A letra da canção, por sua vez, trata de um sentimento universal que serviu de inspiração para incontáveis artistas. Em entrevista concedida ao site Songfacts em 2024, Geezer Butler explicou a verdadeira essência por trás do tema.
"É sobre amor. O amor é o sintoma do universo. É isso que nos faz seguir em frente."
É curioso notar que uma música guiada por um riff tão agressivo tenha como mensagem central o amor. Esse contraste ganhou ainda mais força no início da década de 1990, quando o Sepultura regravou "Symptom of the Universe", adicionando peso extra e o vocal visceral de Max Cavalera.
A versão do Sepultura foi registrada para "Nativity In Black", tributo ao Black Sabbath. Em entrevista à Metal Hammer, o guitarrista Andreas Kisser revelou que a banda tentou convidar Tony Iommi para a gravação, mas a colaboração acabou não acontecendo.
"O próprio Sabbath estava em um estúdio perto de nós [gravando ‘Cross Purposes’, lançado em 1994], então decidimos um dia ir visitá-los; nós realmente queríamos conhecê-los. Mas quando chegamos lá, eles não estavam em lugar nenhum.
Nós realmente queríamos que Tony Iommi participasse de nossa versão de ‘Symptom Of The Universe’. Tínhamos um plano para ele tocar o solo acústico no final da faixa. Mas ele não estava disponível, então, no final, eu mesmo toquei."

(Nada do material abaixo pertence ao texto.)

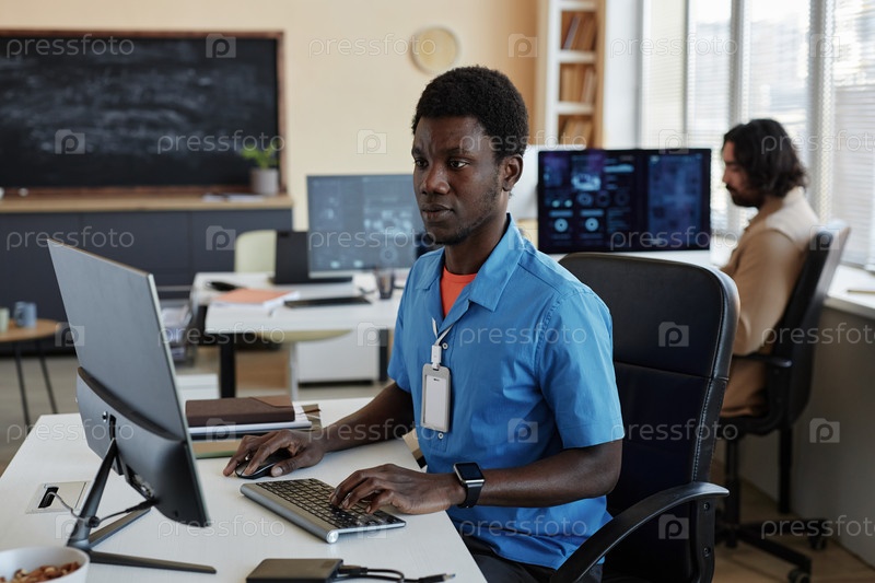 Молодой серьезный афроамериканский программист, сидящий перед компьютером
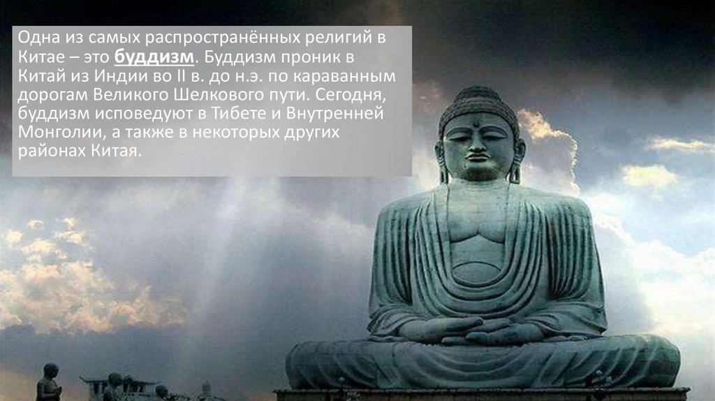 Одна из самых распространённых религий вКитае – это буддизм. Буддизм проник в

O Black Sabbath encerrou oficialmente suas atividades em 5 de julho deste ano, com um último show, realizado em Birmingham. Duas semanas depois, o vocalista Ozzy Osbourne morreu aos 76 anos.
Já o Sepultura, maior expoente brasileiro do heavy metal, também se aproxima do desfecho de sua trajetória. Sob a liderança de Andreas Kisser, a banda está em sua turnê de despedida, intitulada "Celebrating Life Through Death".